Egyptian-American activist and citizen journalist

Gigi Ibrahim (also mentioned as Gihan Ibrahim, born December 2, 1986) is an Egyptian-American citizen journalist and activist. During the Egyptian revolution in 2011, she reported events about the protests and became a face of the events for much of the Western media.

Ibrahim was born in Long Beach, California to Egyptian parents although she soon moved to Egypt, where she lived until she was 14. Her family subsequently returned to California, where she began attending a local Catholic high school. She graduated from high school in 2005, attending Orange Coast College at first before transferring to The American University in Cairo in 2008. She became involved with the Revolutionary Socialists organization and graduated in 2010 with a degree in political science.

Ibrahim became an organizer of the protests in 2011 and used Twitter to document events that took place during the revolution. Her tweets additionally helped human rights groups to document arrests and state violence during the revolution. Western news media treated her as a face of the revolution. After the 2013 coup d'état, Ibrahim chose to stay in Egypt and continue her involvement in activism and protests. She later co-founded a shoe manufacturing company in Cairo. Her younger brother is Ahmed Hassanein, an American football player for the Detroit Lions.

==Early life and education==
Ibrahim was born in Long Beach, California to Egyptian parents in 1986. When she was a year old, the family moved back to Egypt. After her mother died, she went back to California with her father and sister in 2001; she was 14 at the time. She enrolled in a local Catholic school as a freshman.

While Ibrahim was in her second week of classes at the school, the September 11 attacks occurred. The next day, Federal Bureau of Investigation agents searched the Ibrahims' home, explaining that a neighbor had called a tipline to report the family. The neighbor's concerns were the fact that Ibrahim's uncle sometimes walked outside at night while speaking Arabic on phone calls, and a U-Haul truck had recently been parked outside their house. As the only Muslim in her class, Ibrahim was also asked to give a presentation about Islam at her school despite the fact that her family was not very religious. The experience led Ibrahim to realize that her life was going to be different because she was Muslim and Egyptian.

Over the years that followed, Ibrahim gained an increasing level of interest in politics. She became involved in a group that advocated for the rights of illegal immigrants to the United States in response to what she saw as discriminatory enforcement of immigration law by local police officers, and was also involved in pro-Palestinian activism. However, she was largely unaware of political events in Egypt at the time, and visited Egypt only rarely.

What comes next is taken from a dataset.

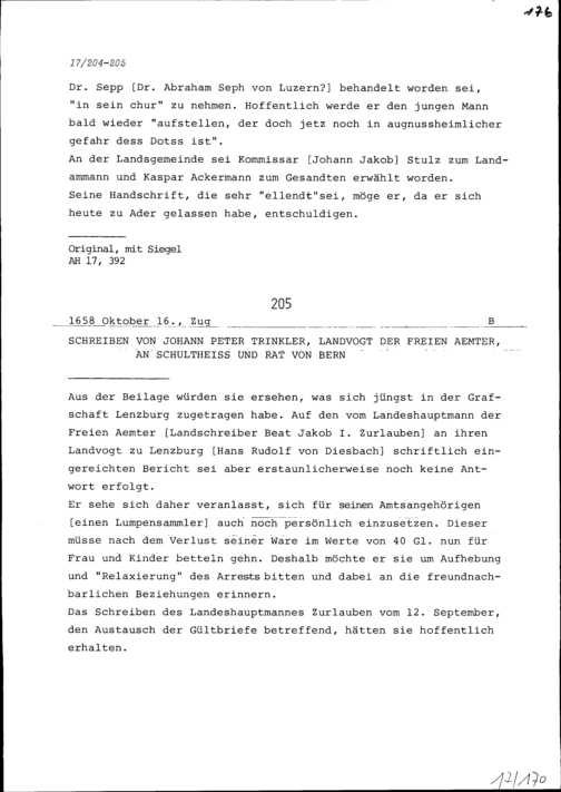 Schreiben von Johann Peter Trinkler, Landvogt der Freien Ämter, an Schultheiss und Rat Bern

Ibrahim graduated Cornelia Connelly High School in 2005, and then attended Orange Coast College. She transferred to The American University in Cairo in 2008 at the age of 22, where she became involved in the local politics of Egypt and participated in protests throughout 2009 and 2010. During this time, she became involved with the Revolutionary Socialists, of which she is a member. She graduated in 2010 with a degree in political science.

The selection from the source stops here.